Even India has an Alternative Minimum Tax (MAT) scheme. This is an interesting concept that stems from the government’s plan to bring more corporations into the tax net. Companies can claim multiple concessions according to the law, reducing their taxes to almost zero. With this in mind, the MAT was introduced via the 1987 finance law. When a company has reduced its profit to zero, therefore in the non-taxable bracket, the government considers a certain percentage of its accounting profit as taxable income. It is applied when the taxable income calculated in accordance with the provisions of the Informatics Act is less than 15.5 percent (plus surcharge and tax if applicable) of accounting profit under the Companies Act 2013 He also introduced the MAT credit system. If a business has an accounting profit (i.e. operating profit, before all exemptions) of Rs 100 crore, it is required to pay a minimum tax of Rs 15 crore (the MAT rate has been around 15 percent). However, if the business’s normal tax liability after claiming deductions is Rs 10 crore (which will be less than the MAT), then the business must pay the remaining Rs 5 crore as MAT and use a MAT credit of Rs 5 crore to pay tax in the future.

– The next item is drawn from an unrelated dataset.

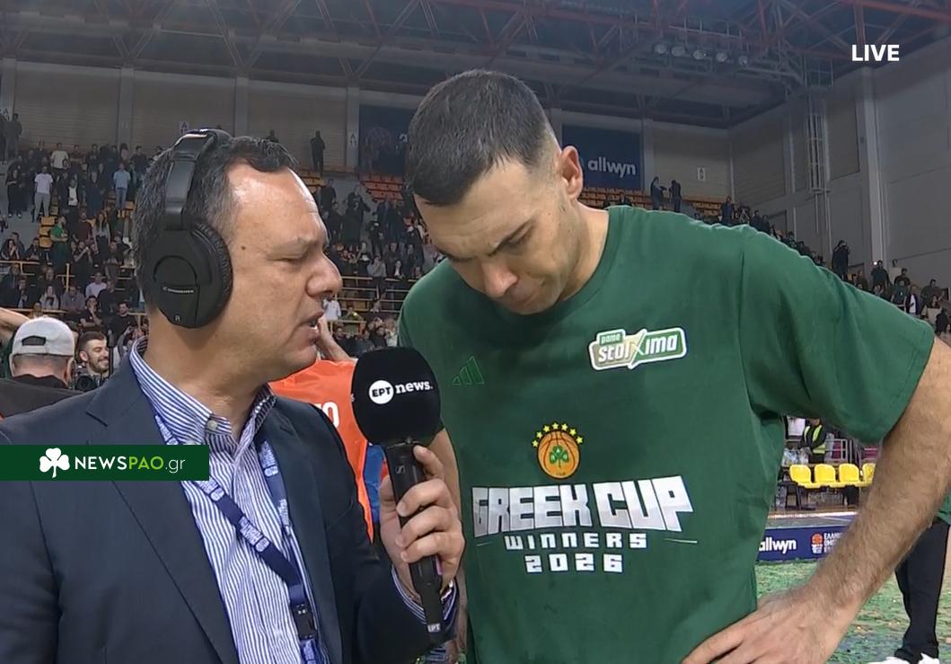 Μετά την απονομή, ο Κώστας Σλούκας μίλησε για την εικόνα της ομάδας του, επισημαίνοντας ότι ο Παναθηναϊκός έπαιξε από την αρχή μέχρι το τέλος με κυριαρχία, ενώ αναφέρθηκε και στη δύσκολη περίοδο που προηγήθηκε μέσα στη σεζόν.

It can be used, conversely, by Indian multinationals to exist in a minimum tax regime within the general tax system of the country. However, this cannot be a permanent solution, but there are accounting possibilities. Therefore, India can be characterized as a dual tax system, although non-resident businesses find it difficult to benefit from the standard deductions.
While such dual systems exist in India, one of the above-average tax environments in the world, there are several others around the world that can accommodate businesses, despite the signing of this floor level taxation agreement. Therefore, the implementation of such taxation will be difficult.
The counter-argument is: what will the United States gain from this taxation? If Apple, for example, pays its 15% in Ireland and 15% of the micro level of activity it displays in the United States, does that benefit the United States Treasury? These details will likely be reworked at the next G20 meeting and in many other meetings thereafter.
Alternatively, since the change of base has remained legal, one can find, for example, Indian multinationals based in the United Kingdom, as well as in the Netherlands, which completely transfer their accounting base to the Netherlands. Forcing the Netherlands to join the 15 percent league is beyond the scope of the G20. We have seen, in the effort to standardize banking regulations around the world, that this was not acceptable for many geographic areas. In addition, it was accepted at the two-day virtual meeting of the G20 + headquartered in Venice that it was acceptable for competing countries to offer lower tax environments for businesses.